Es la catedral (It’s the cathedral), exclaims a portly middle-aged man. He’s reverently pointing to the stadium owned by the Boca Juniors, one of Argentina’s top football clubs.  The team is much loved by fans throughout Argentina and adoration tops out here in the Buenos Aires neighbourhood of La Boca. But football is not the only thing that defines this port-side barrio. La Boca is the birthplace of tango; it’s home to the most colourful street in all of Buenos Aires; and its rich history has shaped arts, culture and politics. Even on this cold blustery day, La Boca’s passion is palpable.

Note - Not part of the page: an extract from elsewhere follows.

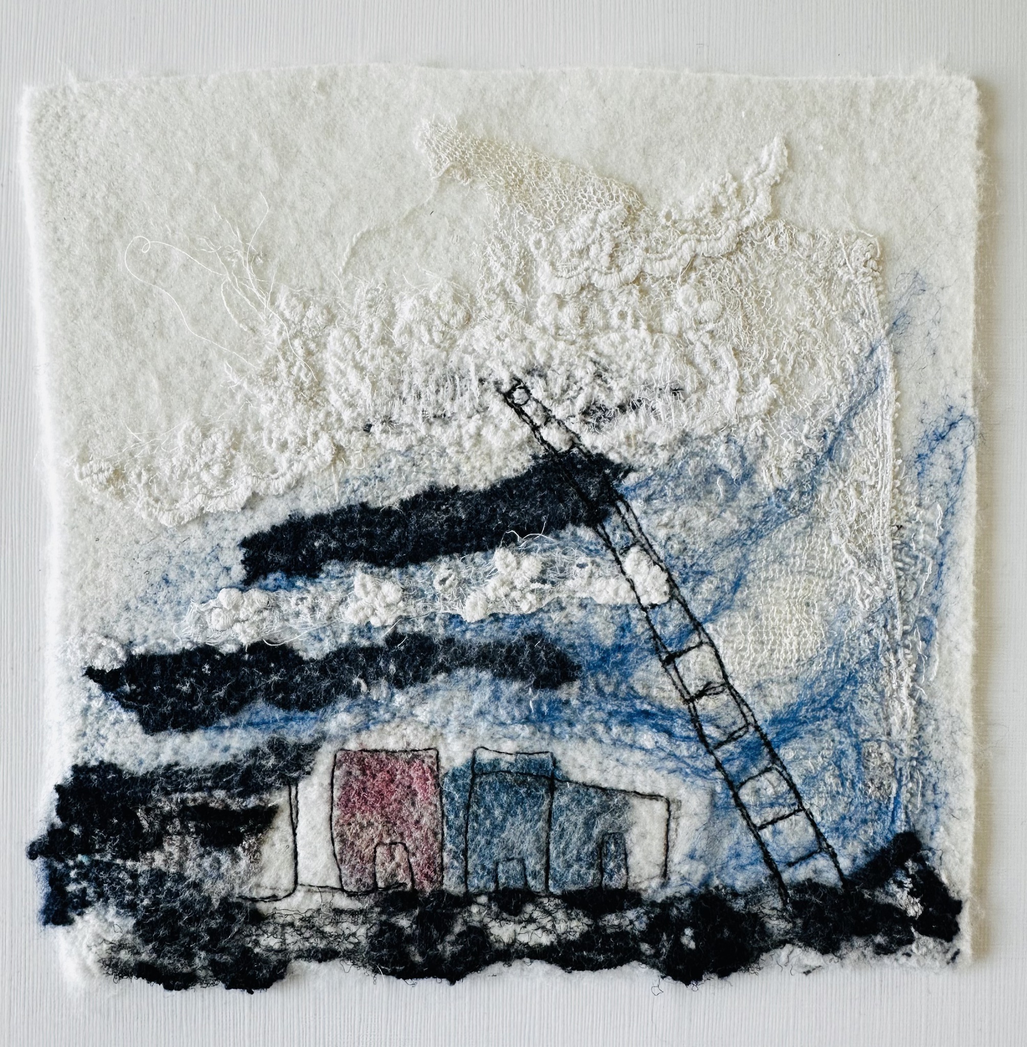 Vilt- en naaitechniek met kant, wol, garen

Mike and I are addicted to Free Walking Tours and have had great experiences in many cities. Buenos Aires is no exception; we’re on our third walking tour in as many days. We arrive at our meeting point in La Boca and it’s pouring (our only bad weather day in three weeks in Argentina). Luke our guide, an American who has called Buenos Aires home for seven years, is so knowledgable and engaging that we almost forget about the rain.

Prior to 1880, only about one million people lived in Argentina. Between 1880-1930, six million immigrants arrived at the old port of La Boca. Most of them were young men, labourers and tradespeople lured by the promise of free land and housing. The majority came from Italy, which explains why as many as 62% of current Argentinians have some degree of Italian descent.

The promise of free housing didn’t happen and most immigrants ended up in conventillos (tenements). Luke explains how these tenements took on a look of their own as residents gathered scrap material at their work places, mostly at the dock yards—corrugated metal, wood and paint. The assorted paint remnants created a kaleidoscope of colours, since refreshed and on brilliant display around El Caminito (Little Walkway). It’s normally a very touristy place, but today the rain has kept people away.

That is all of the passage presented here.